La prise de position de Brizé est particulièrement lisible lorsqu’il parle de son empathie pour ces acteurs non-professionnels. Vis-à-vis de ses acteurs d’un jour, le réalisateur ménage chèvre et chou, distribue bons points à tous, acteurs, non-acteurs : «Je doute qu’ils sachent faire ce que des acteurs font mais ce qu’ils font, je pense qu’aucun acteur n’est capable de le faire». Dans le Monde de Brizé, on montre la servitude mais on ne nomme pas le système capitaliste qui la crée. Et on peut arriver à la conclusion bien peu concluante qu’il faudrait prendre le Monde tel qu’il est, avec ses sacrifiés christiques broyés par une Machine innommable.
Le capitalisme, c’est tellement caca qu’on demande aux enfants de ne pas dire ce mot.
Bon, je pensais aller voir ce film mais puisque tu me dis d’économiser mes sous pour autre chose de plus intéressant…
@Partageux
Ah non, je ne t’incite pas à ne pas aller le voir. Au contraire. Bien au contraire.
Toujours très sain de se confronter à des films qui vous « résistent », des films qui nous mettent à l’épreuve de répondre en quoi on est ou pas d’accord.
Salubrité personnelle.
Enfin, à la relecture, c’est vrai que je n’ai pas beaucoup insisté sur les « qualités » du film ( mais j’ai la flemme de faire un autre billet là-dessus).
Bibien à toi.
Bonjour,
Très intéressant. Enfin une voix discordante. Je n’ai pas (encore) vu le film. Mais l’évitement d’une analyse critique du capitalisme et le jeu caricatural de Vincent Lindon (ce qu’il fait en effet le mieux: les chiens battus, jusqu’aux yeux et aux oreilles) m’avaient été suggérés par les commentaires de la presse. Pas étonnant que Valls ait salué le film…
@poliproductions
Je pense qu’à me lire, certains pourraient croire qu’il faut faire ci, faire ça, qu’il faut faire oeuvre politique, réduisant ainsi l’oeuvre d’Art au slogan etc.
Loin de moi cette idée car je considère que l’oeuvre d’art a une autonomie relative vis à vis du politique et de l’économique. Chez Brizé le travail sur la forme, c’est des séquences longues où il prend son temps (interview d’embauche via Skype, visite du mobile-home, rendez-vous pour l’orientation du fils etc). Bon, pourquoi pas : ça veut prendre le contrepied dominant qui veut qu’on filme en clip et en zapping (pour montrer probablement le vide qui traverse le héros).

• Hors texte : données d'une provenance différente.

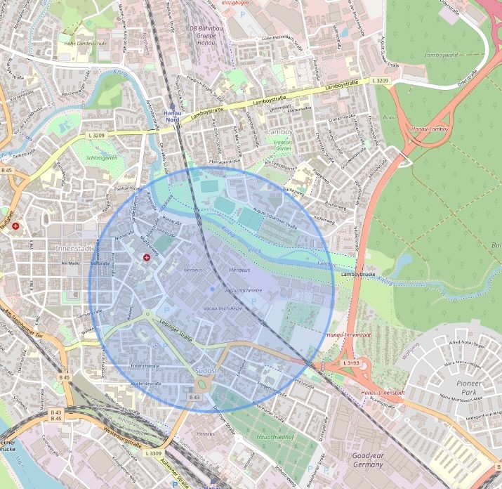 Hanau – Die Werkfeuerwehr des Unternehmens Heraeus hat am Dienstag auf dem Werkgelände an der Heraeusstraße eine 250-Kilo-Weltkriegsbombe gefunden. Der Kampfmittelräumdienst des Regierungspräsidiums Darmstadt hat daraufhin das Gelände gesichert. Die mechanische Entschärfung der Bombe erfolgt am morgigen Mittwochvormittag. Die Evakuierung beginnt ab 8 Uhr Der Sicherheitsbereich wurde in Abhängigkeit von den örtlichen Gegebenheiten auf 750 Meter um die Fundstelle vom Kampfmittelräumdienst festgelegt. Dies hat große Auswirkungen auf die Innenstadt: So muss unter anderem das Klinikum Hanau aus Sicherheitsgründen teilevakuiert werden. Auch einige Schulen, Kindertagesstätten und das Altenhilfezentrum Bernhard Eberhard sind betroffen. Des Weiteren Geschäfte und Büros im ausgewiesenen Sicherheitsradius. Die Sperrung der Straßen sowie die Evakuierung der Anwohnerinnen und Anwohner wird aktuell vorbereitet. Geschätzt werden rund 16.000 Menschen von der Evakuierung betroffen sein. Im Sicherheitsradius befindlich und daher geschlossen sind am Mittwoch zudem die Anne-Frank-Schule, die Brüder-Grimm-Schule sowie die Ludwig-Geissler-Schule, die sich am Außenrand des Sicherheitsradius befindet und sich daher entschieden hat aufgrund der Straßensperrungen ebenfalls zu schließen.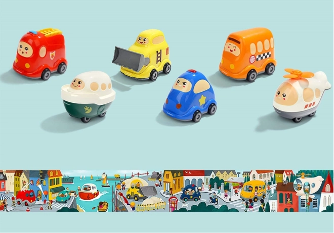 A további TOP BRIGHT modellekkel (tűzoltó- és rendőrautó, iskolabusz, dózer, helikopter) a padlón folyamatos panorámakirakót állíthat össze.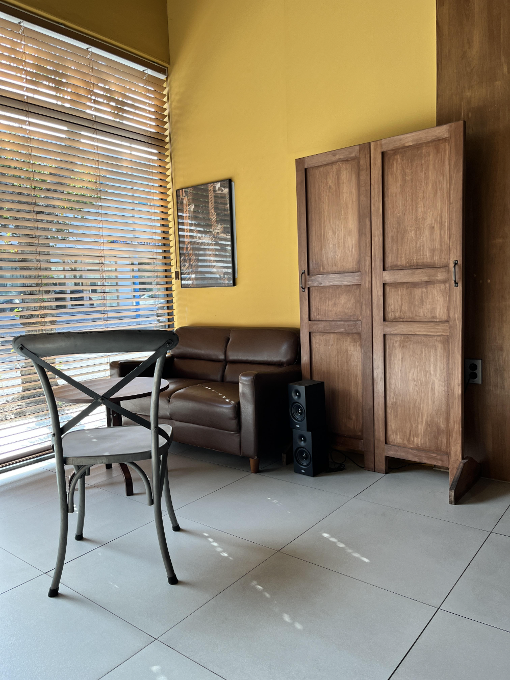 뭔가 도시 한복판 귀퉁이 어딘가에 있을 것 같은 분위기 입니다. 테이블에 맞춰진 의자가 놓여져 있어 자리마다 다른 느낌들이 있습니다. 테이블이 의자보다 높은걸 원하시거나 낮은걸 원하시거나 취향에 따라 자리를 고르셔도 좋을것 같습니다. 저는 테이블이 너무 낮은건 불편해서 쇼파자리가 탐나긴 했지만, 편안해보이는 평범한 자리에 자리를 잡았습니다. 테이블별로 분위기가 달라서 고르는 재미가 있습니다.

Mais même si cela n’est pas forcément une innovation, là-dessus, rien vraiment à dire contre.
Mes gênes sont ailleurs… principalement sur la superposition (et la confusion) du courage individuel avec un éloge (critiquable de mon point de vue) de l’individualisme.
Enfin, il faut aller voir le film.
Oui, je vais y aller. Tout à fait d’accord: le cinéma de propagande est insupportable (et de triste mémoire). Toutefois, et c’est je crois ce que vous dites, quand on aborde la loi du marché, oblitérer ses conditions économiques et politiques sous cet éloge, c’est pratiquement faire la propagande du système d’exploitation qu’elle commande.
Hélas, oui.
Bibi, il faut voir ce film et lire surtout ce chapitre remarquable sur la formation de la Cité par projets (dans Le nouvel esprit du capitalisme) parce qu’il nous apprend beaucoup de choses justes sur notre monde d’aujourd’hui. La connaissance de la littérature du management m’a donné les moyens de résister aux discours de dirigeants qui ont essayé de me convertir au « toyotisme » et de me transformer en militant du capital (sans le nommer, bien sûr).
@RobertSpire
Tu n’as pas été sans remarquer que la photo qui ouvre mon billet est la couverture de ce très très grand livre d’Eve Chiapello et Luc Boltanski « Le Nouvel Esprit du Capitalisme » chez Gallimard qui reste mon livre de chevet et dont le chapitre sur La Cité par projets est essentiel.
Essentielles aussi les transformations admirablement décrites par les auteurs.
Je me demande d’ailleurs comment on peut avoir des idées précises sur notre Monde contemporain sans passer par ce livre.
Bien à toi.
Effectivement j’ai vu la photo, et il faut souligner que ce livre est important car il donne des outils de défense. Il faut dire qu’il est surtout une théorie de la récupération qui nous explique comment le capitalisme survit à ses critiques. En cela il est passionnant parce qu’il éclaire les faits économiques des 50 dernières années avec la dégradation des protections sociales, avec les évolutions des discours et modèles dominants. Par contre il ne propose rien comme alternative au productivisme capitaliste.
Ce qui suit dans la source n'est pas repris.